Kerner stand im Zeitlupentempo auf. Ohne groß nachzudenken, ließ er mit einer Hand das Küchenmesser im Ärmel seines Hemdes verschwinden, wo er es hinter dem Armband seiner Uhr festklemmte. Simon Kerner schoss Adrenalin ein und übergangslos kam er in den Kampfmodus. Vorsichtig blickte er hinter sich.

„Jetzt mach dir nicht gleich in die Hosen!“, erklärte der Maskierte, der Kerners langsame Bewegungen als Ausdruck seiner Furcht betrachtete. „Los, komm rüber ins Wohnzimmer!“

Ohne Kommentar folgte Kerner dem Mann, der rückwärts vor ihm herging, dabei musterte er seinen Revolver. Ein größeres Kaliber mit Schalldämpfer, wie er sehen konnte. Wie es aussah, war der Kerl ein Profi. Er gab sich keine Blöße, die Kerner hätte nutzen können.
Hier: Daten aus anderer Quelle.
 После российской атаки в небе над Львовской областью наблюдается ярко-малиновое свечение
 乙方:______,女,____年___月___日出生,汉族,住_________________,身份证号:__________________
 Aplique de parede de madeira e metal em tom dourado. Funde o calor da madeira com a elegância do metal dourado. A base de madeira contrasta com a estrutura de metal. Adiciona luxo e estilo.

„Stehen bleiben!“, verlangte er, dann ging er weiter rückwärts zur Verandatür und öffnete sie. Dabei ließ er Kerner keine Sekunde aus den Augen. Einen Augenblick später kam ein zweiter Mann herein, ebenfalls maskiert, gleichfalls mit einem schallgedämpften Revolver bewaffnet. Seinem Verhalten entnahm Kerner, dass er nicht so routiniert war wie sein Partner. Er zögerte verschiedentlich und sah seinen Kumpan fragend an, weil er offenbar nicht genau wusste, wie er sich verhalten sollte. Er bekam von seinem Anführer ein paar Anweisungen in arabischer Sprache, wie Kerner erkannte.
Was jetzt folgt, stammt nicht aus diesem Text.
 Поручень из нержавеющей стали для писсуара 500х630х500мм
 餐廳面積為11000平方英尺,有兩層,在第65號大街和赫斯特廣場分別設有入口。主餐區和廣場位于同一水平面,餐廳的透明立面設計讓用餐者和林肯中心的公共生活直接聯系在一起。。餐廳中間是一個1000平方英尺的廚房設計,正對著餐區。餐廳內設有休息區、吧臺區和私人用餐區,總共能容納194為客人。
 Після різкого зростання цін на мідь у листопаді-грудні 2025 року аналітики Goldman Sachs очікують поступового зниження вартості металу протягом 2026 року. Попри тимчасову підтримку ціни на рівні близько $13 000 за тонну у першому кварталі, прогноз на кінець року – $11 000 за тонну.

„Umdrehen, Hände auf den Rücken“, befahl er wieder auf Deutsch.

Offenbar sollte sein Kumpel ihm die Hände auf den Rücken fesseln, denn er zog einen Kabelbinder aus der Oberschenkeltasche seiner Hose. Um dieses Vorhaben zu realisieren, benötigte er allerdings beide Hände, was bedeutete, dass er seinen Revolver ablegen musste. Das war Kerners Chance, denn mit gefesselten Händen würde ein Gegenschlag schwierig werden.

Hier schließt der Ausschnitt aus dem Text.